Dataset records>

=== Begin Enclosure ===

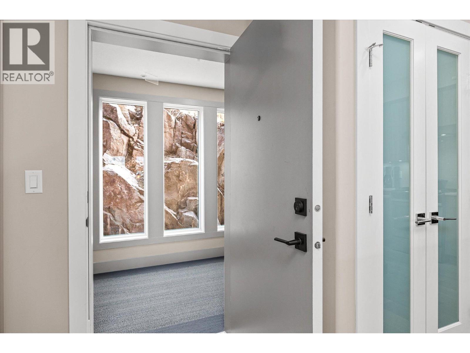 Welcome to Granite at McKinley Beach, a lakeside community built by Acorn Homes. This beautifully appointed 2-bedroom, 2-bath condo offers thoughtful design with bedrooms on opposite sides for privacy and comfort. Enjoy a bright, open-concept layout with engineered hardwood floors, quartz countertops, soft-close cabinetry, and a gas stove. Both bathrooms feature in-floor heating, and the home includes central air and hot water on demand. Step onto your spacious, continuous deck, complete with an estimated $20K retractable awning, gas hook-up, and wiring for a hot tub. This balcony is perfect for summer evenings overlooking the Okanagan Lake. Additional highlights include a large storage room, a heated utility room on the deck, and an underground parking stall. As part of McKinley Beach, residents enjoy lake access, hiking and biking trails, a private marina, gym, community garden, pickleball, basketball, and the community centre, all for a membership fee. Only 20 minutes to downtown Kelowna and 11 minutes to UBCO and the airport, this is lakeside living with everyday convenience. (id:62999)
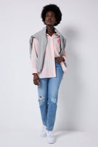 - Signature neon pink embroidered lightning bolt on the sleeve
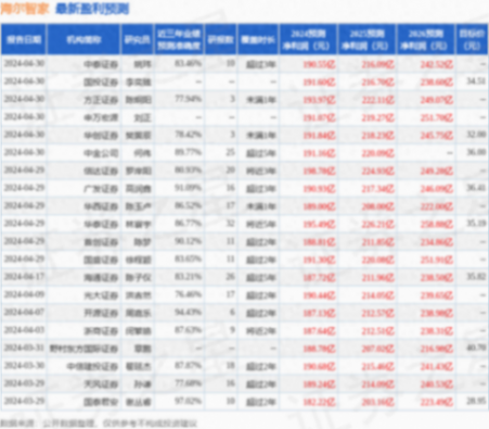 最新盈利预测明细如下:
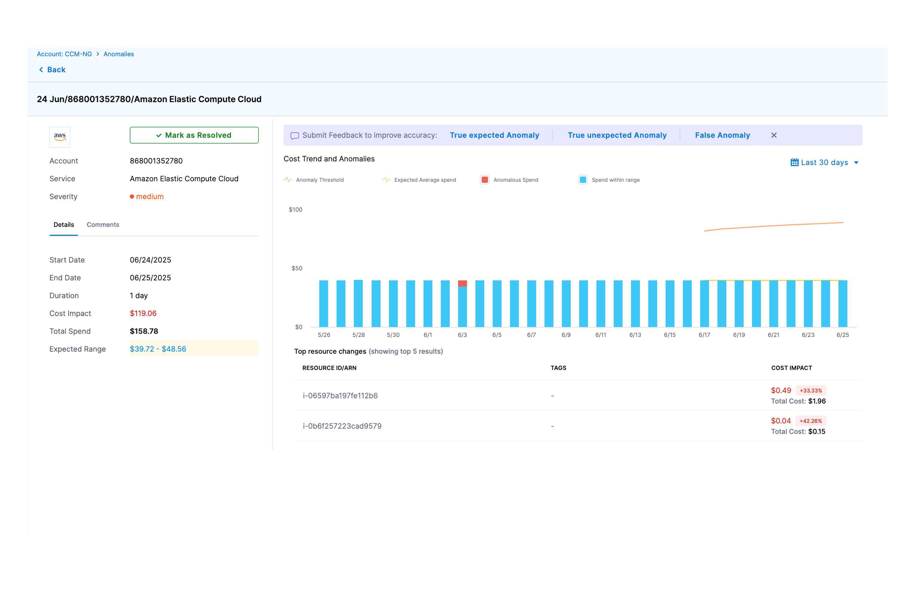 - Anomalous Spend: Costs that exceeded the normal threshold range
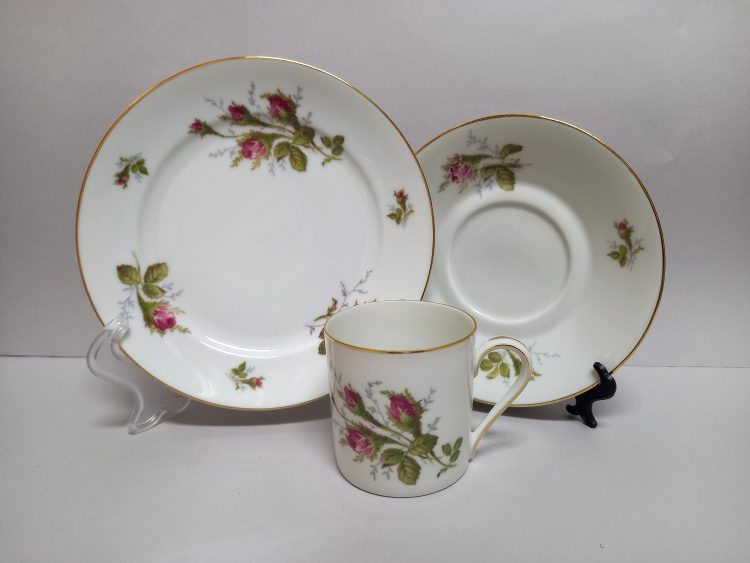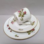 różanym wzorem – został wykonany techniką kalkomanii.
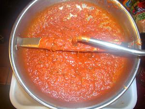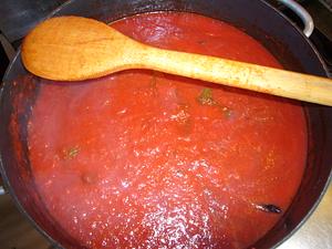 Put the tomatoes in a large pot. Rinse the cans into one of the cans with hot water. Add the sugar and salt to the hot water and stir to disolve. Add to the sauce. Add the bones deglazed veggies, and remaining ingredients and simmer for hours.
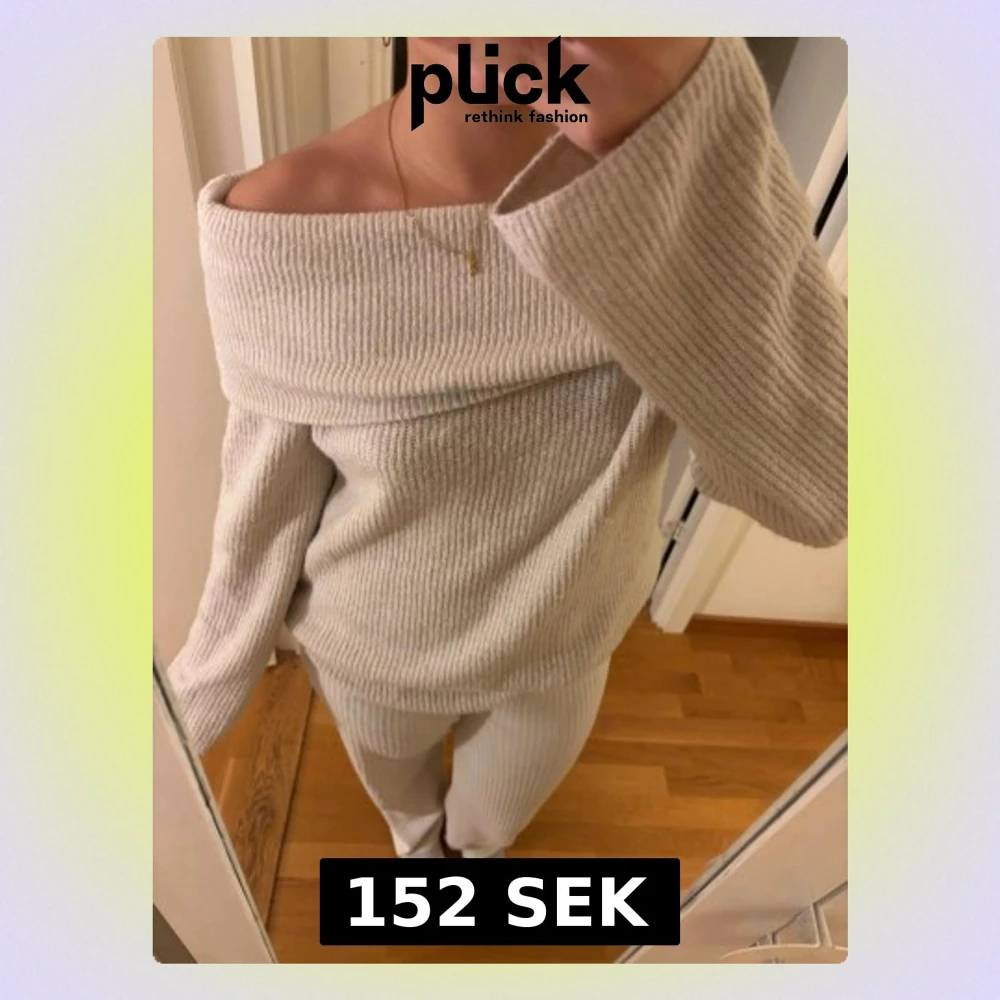 Supermysig beige stickad tröja från H&M i storlek S 💕Säljer eftersom att den inte kommer till användning. Tröjan har en bred offshoulder-krage och ribbad struktur som ger en chill vibe. Perfekt för att hänga hemma eller när du vill vara extra comfy!
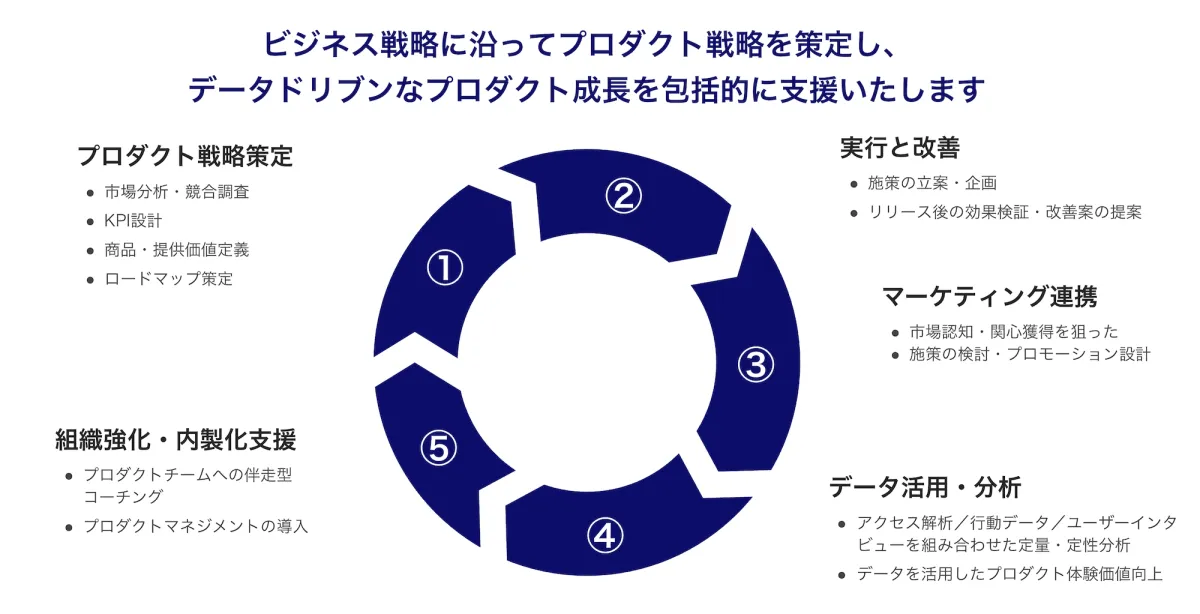本サービスでは、経験豊富なプロダクトマネージャー(PdM)が戦略策定から実行、改善までの全プロセスを支援します。具体的には、市場調査、データ分析、KPI設計、開発優先度判断などを伴走し、プロダクトの持続的な成長やビジネス価値の創出を促進します。

=== End Enclosure ===

EXERCISE GOAL> Copy out the entries above in full and exactly, skipping every picture.

ANSWER SPACE>
 Welcome to Granite at McKinley Beach, a lakeside community built by Acorn Homes. This beautifully appointed 2-bedroom, 2-bath condo offers thoughtful design with bedrooms on opposite sides for privacy and comfort. Enjoy a bright, open-concept layout with engineered hardwood floors, quartz countertops, soft-close cabinetry, and a gas stove. Both bathrooms feature in-floor heating, and the home includes central air and hot water on demand. Step onto your spacious, continuous deck, complete with an estimated $20K retractable awning, gas hook-up, and wiring for a hot tub. This balcony is perfect for summer evenings overlooking the Okanagan Lake. Additional highlights include a large storage room, a heated utility room on the deck, and an underground parking stall. As part of McKinley Beach, residents enjoy lake access, hiking and biking trails, a private marina, gym, community garden, pickleball, basketball, and the community centre, all for a membership fee. Only 20 minutes to downtown Kelowna and 11 minutes to UBCO and the airport, this is lakeside living with everyday convenience. (id:62999)
 - Signature neon pink embroidered lightning bolt on the sleeve
 最新盈利预测明细如下:
 - Anomalous Spend: Costs that exceeded the normal threshold range
 różanym wzorem – został wykonany techniką kalkomanii.
 Put the tomatoes in a large pot. Rinse the cans into one of the cans with hot water. Add the sugar and salt to the hot water and stir to disolve. Add to the sauce. Add the bones deglazed veggies, and remaining ingredients and simmer for hours.
 Supermysig beige stickad tröja från H&M i storlek S 💕Säljer eftersom att den inte kommer till användning. Tröjan har en bred offshoulder-krage och ribbad struktur som ger en chill vibe. Perfekt för att hänga hemma eller när du vill vara extra comfy!
本サービスでは、経験豊富なプロダクトマネージャー(PdM)が戦略策定から実行、改善までの全プロセスを支援します。具体的には、市場調査、データ分析、KPI設計、開発優先度判断などを伴走し、プロダクトの持続的な成長やビジネス価値の創出を促進します。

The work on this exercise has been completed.